• _YOUR INSTRUCTIONS_
Set every line of the data down again exactly, and keep the pictures out.

• _ENTRIES SUPPLIED_
════════
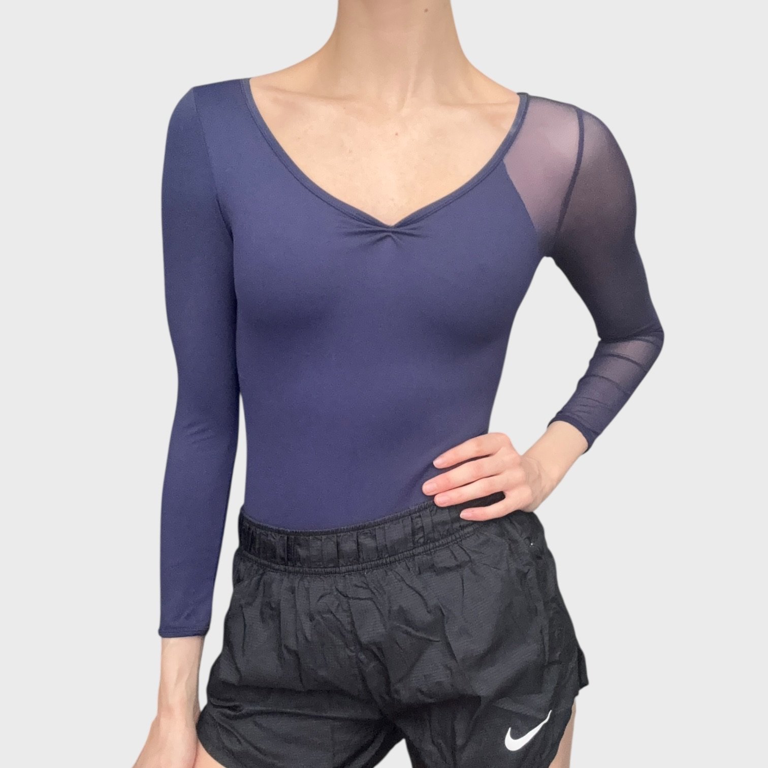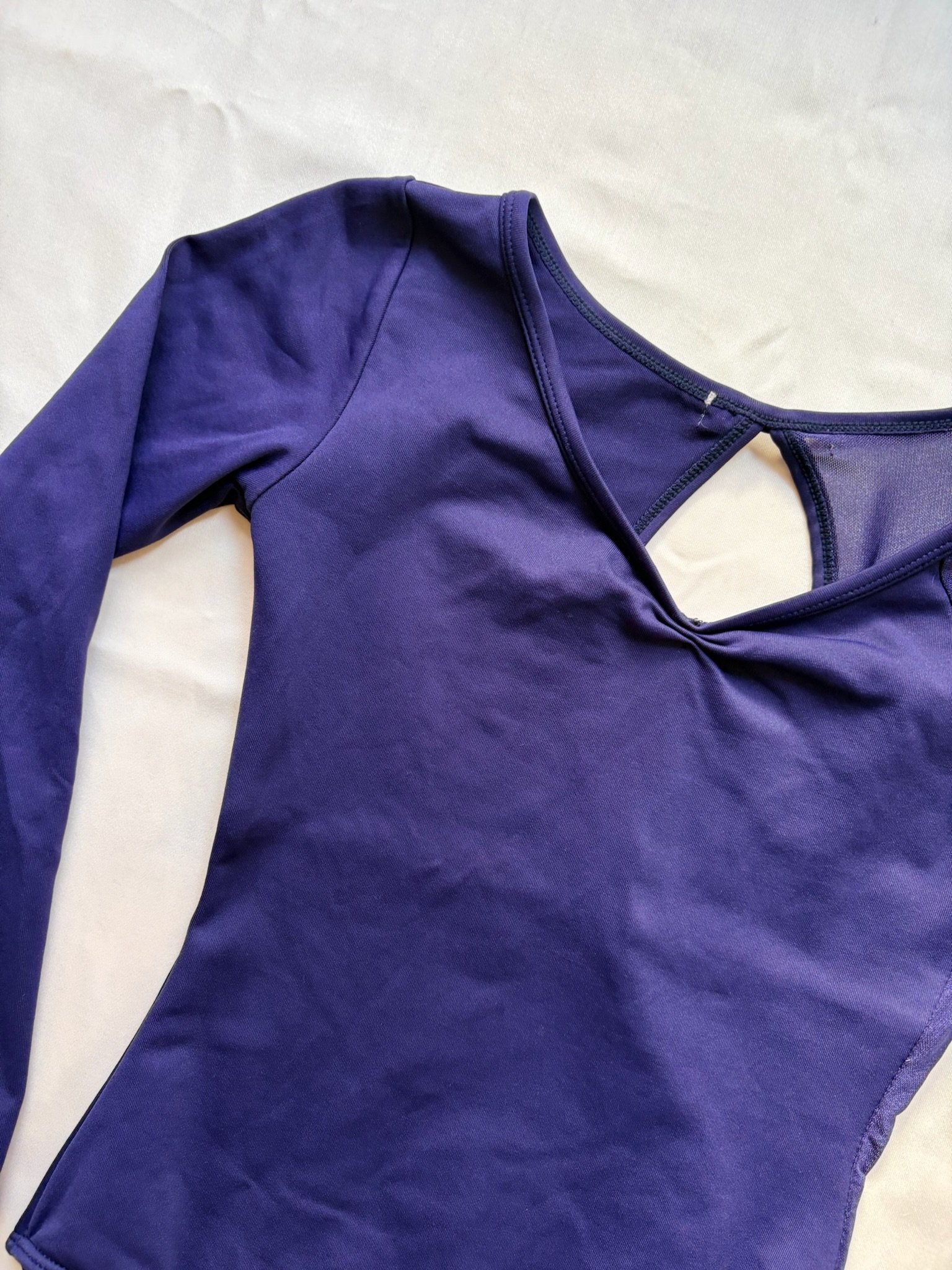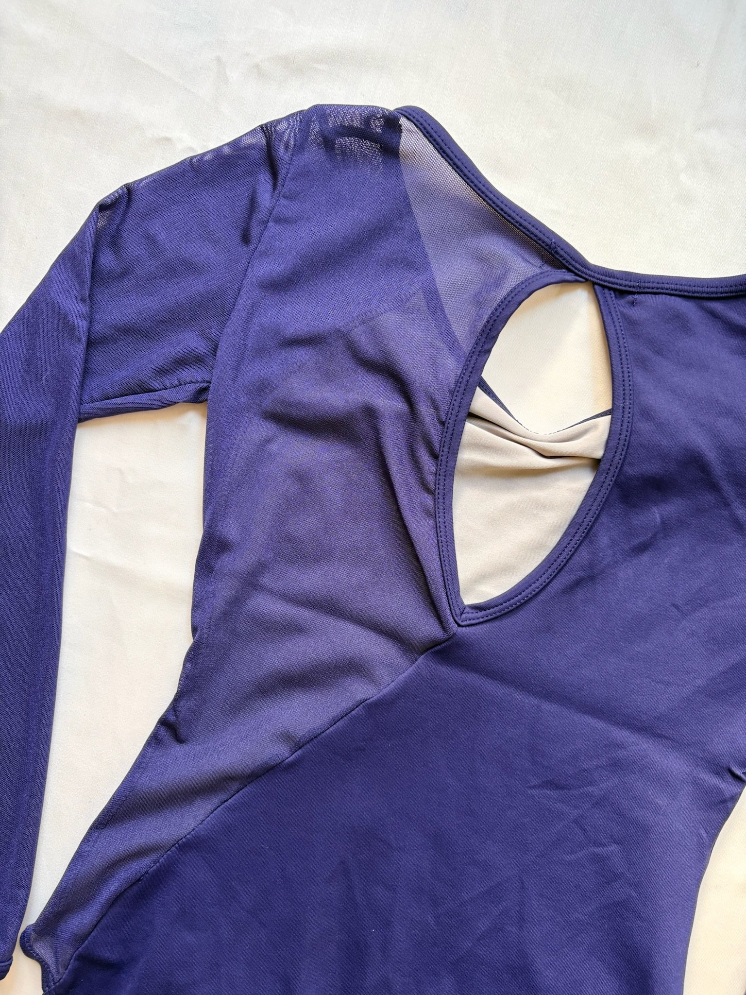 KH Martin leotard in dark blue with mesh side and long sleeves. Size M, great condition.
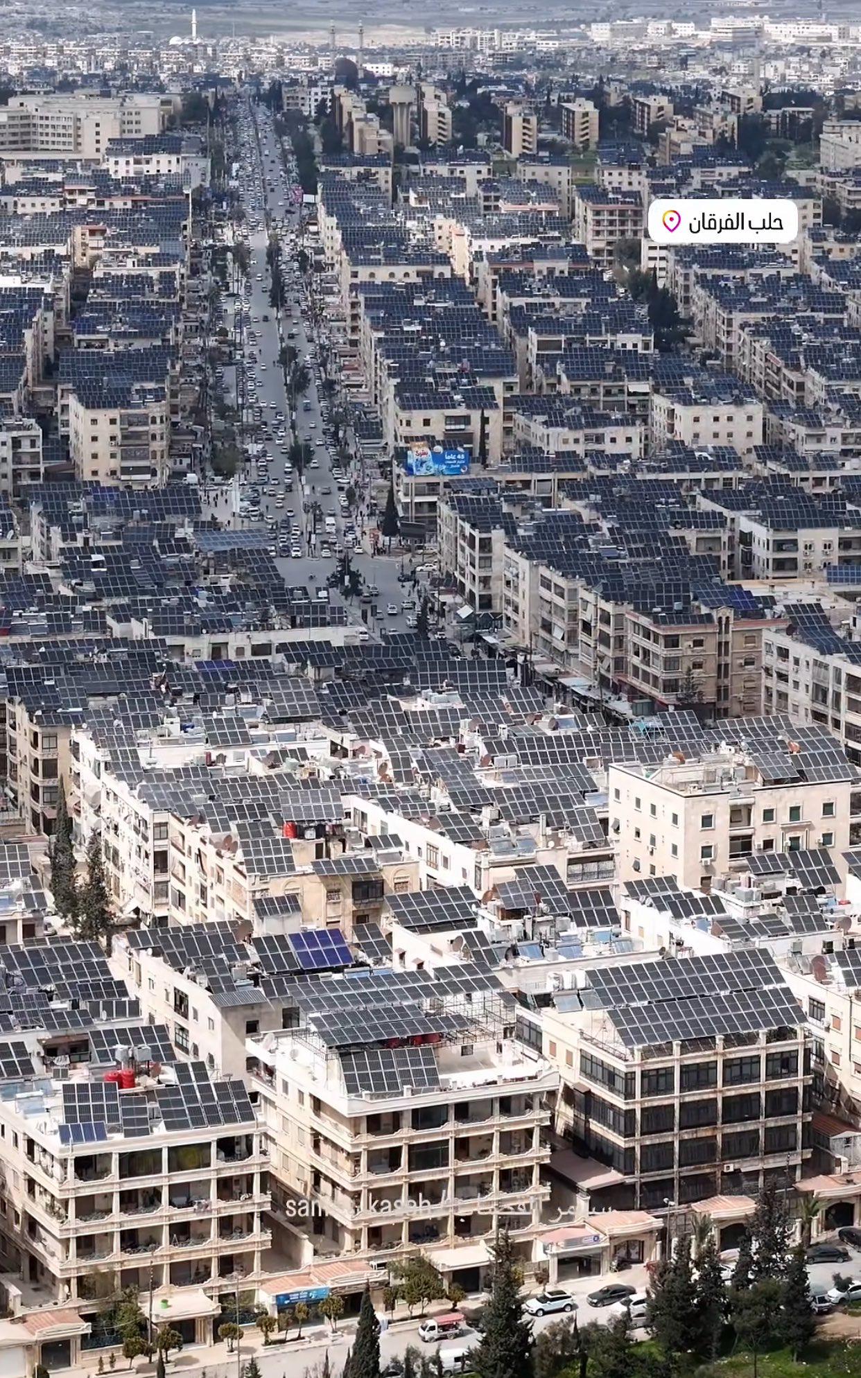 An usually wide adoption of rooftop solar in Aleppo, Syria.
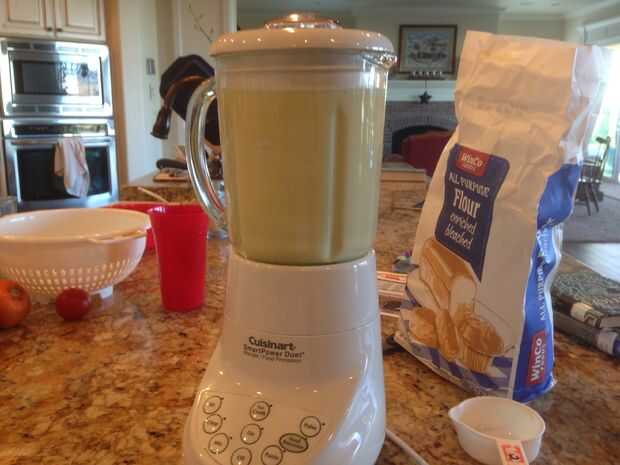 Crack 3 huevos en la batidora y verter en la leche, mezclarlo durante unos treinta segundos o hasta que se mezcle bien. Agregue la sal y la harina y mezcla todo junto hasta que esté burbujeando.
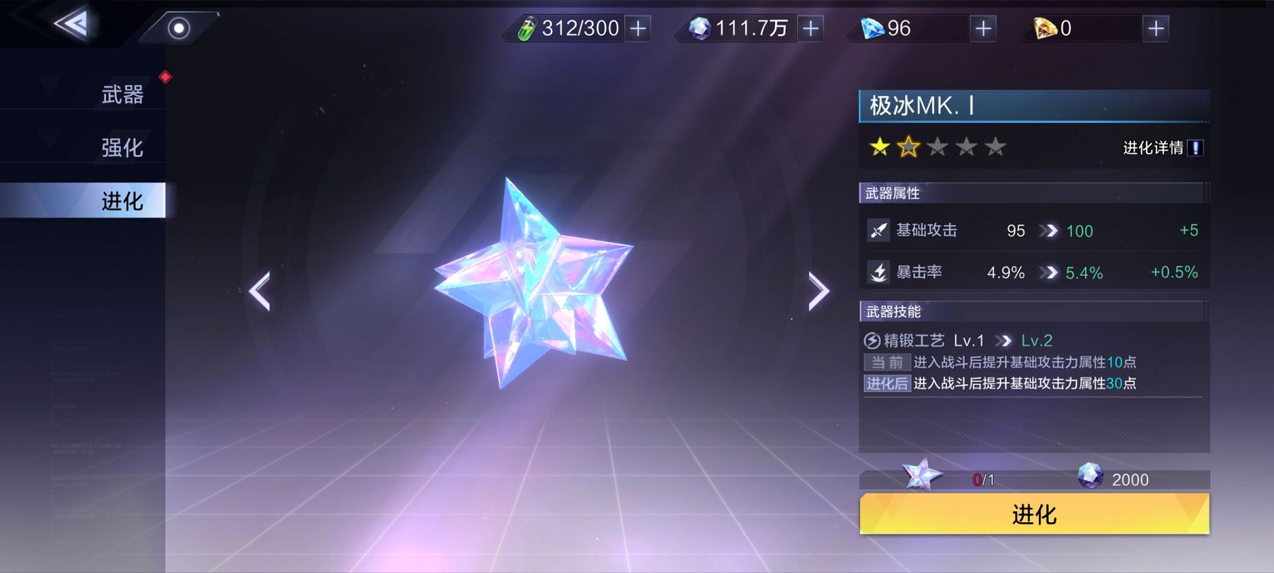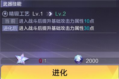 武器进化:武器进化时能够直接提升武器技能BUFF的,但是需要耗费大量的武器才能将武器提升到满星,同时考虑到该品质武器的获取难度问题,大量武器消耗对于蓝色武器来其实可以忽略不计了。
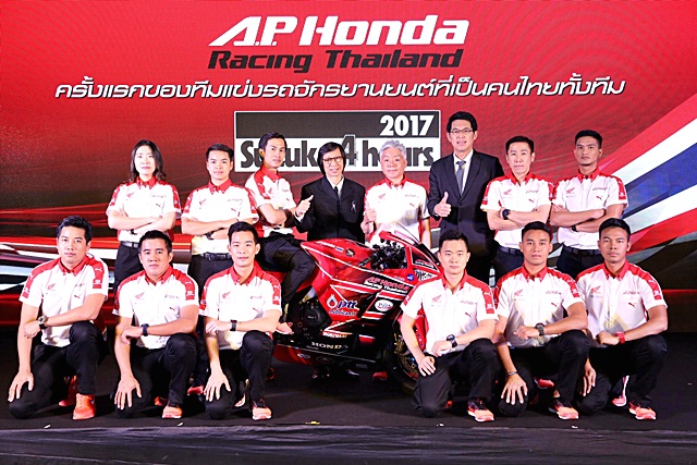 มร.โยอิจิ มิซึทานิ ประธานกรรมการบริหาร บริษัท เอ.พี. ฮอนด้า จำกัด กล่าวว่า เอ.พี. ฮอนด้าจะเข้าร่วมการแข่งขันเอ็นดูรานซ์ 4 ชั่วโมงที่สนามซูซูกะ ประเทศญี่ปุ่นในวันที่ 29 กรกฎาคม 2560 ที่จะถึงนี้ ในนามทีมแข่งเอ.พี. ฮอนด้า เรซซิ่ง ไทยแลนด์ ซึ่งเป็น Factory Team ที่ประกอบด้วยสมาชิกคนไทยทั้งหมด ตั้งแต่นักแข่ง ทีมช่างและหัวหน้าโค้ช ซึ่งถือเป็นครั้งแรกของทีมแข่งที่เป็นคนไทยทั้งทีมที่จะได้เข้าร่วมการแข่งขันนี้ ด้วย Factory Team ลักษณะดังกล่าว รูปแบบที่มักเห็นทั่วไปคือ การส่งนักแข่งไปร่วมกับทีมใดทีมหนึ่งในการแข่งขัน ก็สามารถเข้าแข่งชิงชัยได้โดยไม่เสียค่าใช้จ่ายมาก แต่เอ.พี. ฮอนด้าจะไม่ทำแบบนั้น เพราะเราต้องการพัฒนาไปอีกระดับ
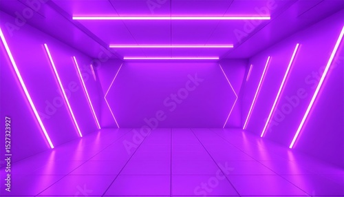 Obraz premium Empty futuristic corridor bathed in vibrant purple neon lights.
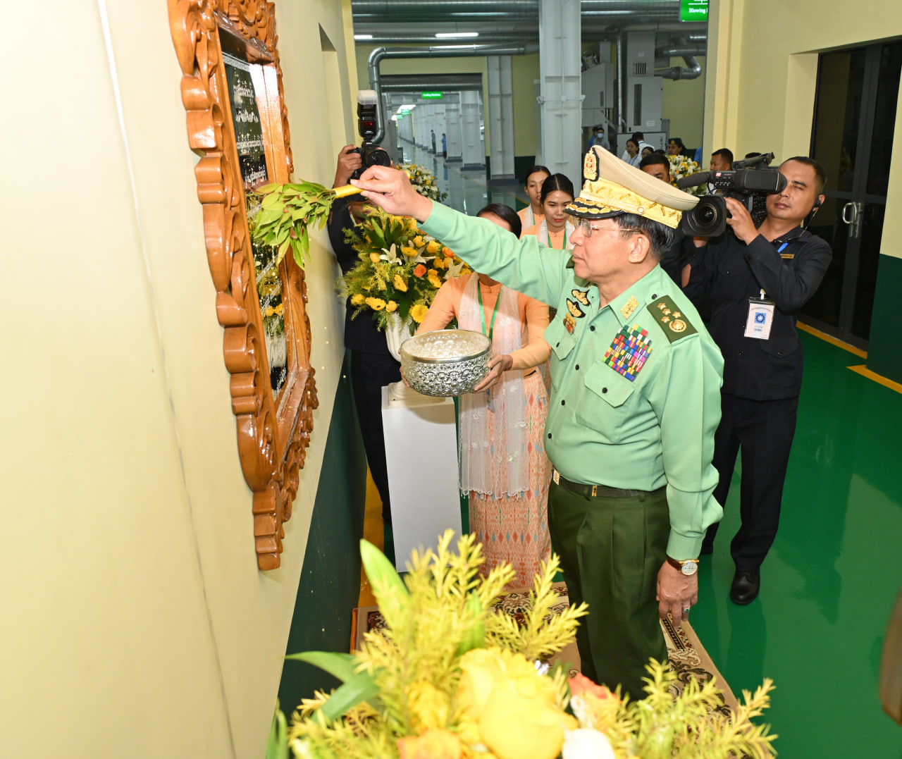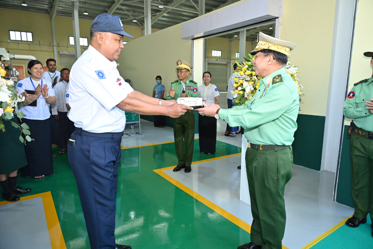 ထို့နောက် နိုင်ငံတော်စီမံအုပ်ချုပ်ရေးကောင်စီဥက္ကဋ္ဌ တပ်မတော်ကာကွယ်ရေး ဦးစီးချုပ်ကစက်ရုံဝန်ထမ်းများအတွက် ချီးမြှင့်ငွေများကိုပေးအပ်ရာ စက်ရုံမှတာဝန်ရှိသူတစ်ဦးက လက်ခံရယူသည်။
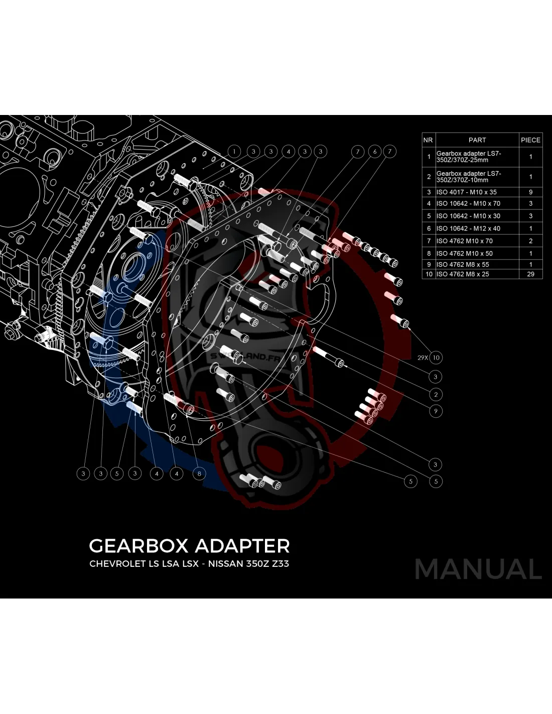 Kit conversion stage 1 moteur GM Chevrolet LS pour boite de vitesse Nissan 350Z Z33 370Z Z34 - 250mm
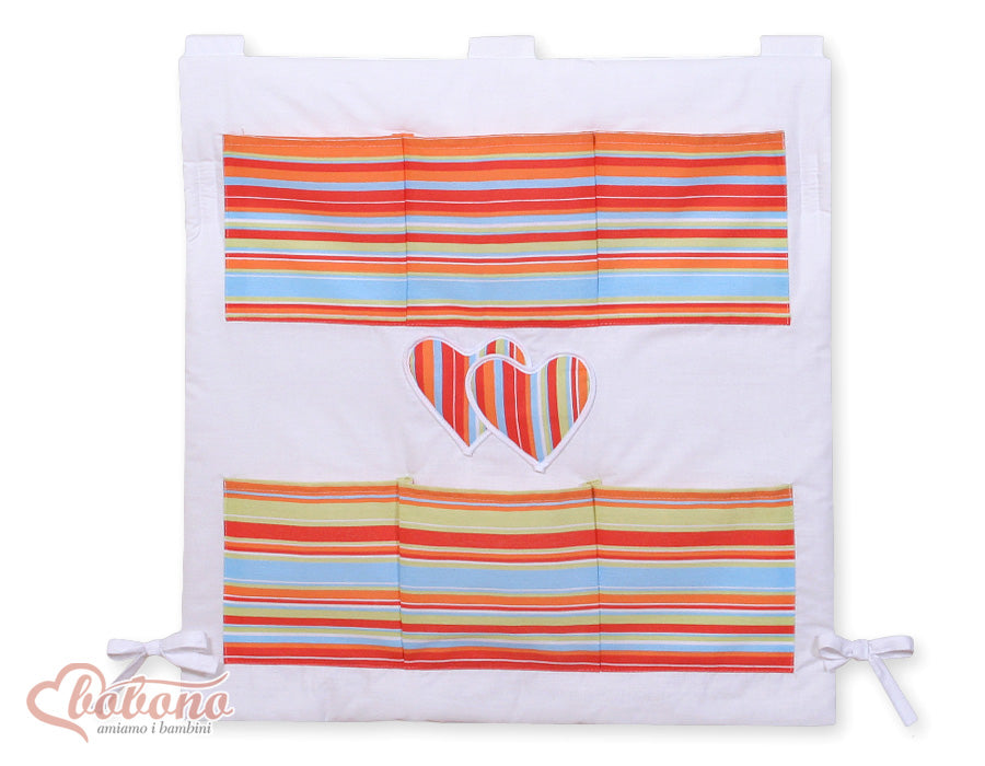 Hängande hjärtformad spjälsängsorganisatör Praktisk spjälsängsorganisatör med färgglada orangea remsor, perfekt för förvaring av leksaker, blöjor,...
════════
• _WRITTEN RESPONSE_
 KH Martin leotard in dark blue with mesh side and long sleeves. Size M, great condition.
 An usually wide adoption of rooftop solar in Aleppo, Syria.
 Crack 3 huevos en la batidora y verter en la leche, mezclarlo durante unos treinta segundos o hasta que se mezcle bien. Agregue la sal y la harina y mezcla todo junto hasta que esté burbujeando.
 武器进化:武器进化时能够直接提升武器技能BUFF的,但是需要耗费大量的武器才能将武器提升到满星,同时考虑到该品质武器的获取难度问题,大量武器消耗对于蓝色武器来其实可以忽略不计了。
 มร.โยอิจิ มิซึทานิ ประธานกรรมการบริหาร บริษัท เอ.พี. ฮอนด้า จำกัด กล่าวว่า เอ.พี. ฮอนด้าจะเข้าร่วมการแข่งขันเอ็นดูรานซ์ 4 ชั่วโมงที่สนามซูซูกะ ประเทศญี่ปุ่นในวันที่ 29 กรกฎาคม 2560 ที่จะถึงนี้ ในนามทีมแข่งเอ.พี. ฮอนด้า เรซซิ่ง ไทยแลนด์ ซึ่งเป็น Factory Team ที่ประกอบด้วยสมาชิกคนไทยทั้งหมด ตั้งแต่นักแข่ง ทีมช่างและหัวหน้าโค้ช ซึ่งถือเป็นครั้งแรกของทีมแข่งที่เป็นคนไทยทั้งทีมที่จะได้เข้าร่วมการแข่งขันนี้ ด้วย Factory Team ลักษณะดังกล่าว รูปแบบที่มักเห็นทั่วไปคือ การส่งนักแข่งไปร่วมกับทีมใดทีมหนึ่งในการแข่งขัน ก็สามารถเข้าแข่งชิงชัยได้โดยไม่เสียค่าใช้จ่ายมาก แต่เอ.พี. ฮอนด้าจะไม่ทำแบบนั้น เพราะเราต้องการพัฒนาไปอีกระดับ
 Obraz premium Empty futuristic corridor bathed in vibrant purple neon lights.
 ထို့နောက် နိုင်ငံတော်စီမံအုပ်ချုပ်ရေးကောင်စီဥက္ကဋ္ဌ တပ်မတော်ကာကွယ်ရေး ဦးစီးချုပ်ကစက်ရုံဝန်ထမ်းများအတွက် ချီးမြှင့်ငွေများကိုပေးအပ်ရာ စက်ရုံမှတာဝန်ရှိသူတစ်ဦးက လက်ခံရယူသည်။
 Kit conversion stage 1 moteur GM Chevrolet LS pour boite de vitesse Nissan 350Z Z33 370Z Z34 - 250mm
 Hängande hjärtformad spjälsängsorganisatör Praktisk spjälsängsorganisatör med färgglada orangea remsor, perfekt för förvaring av leksaker, blöjor,...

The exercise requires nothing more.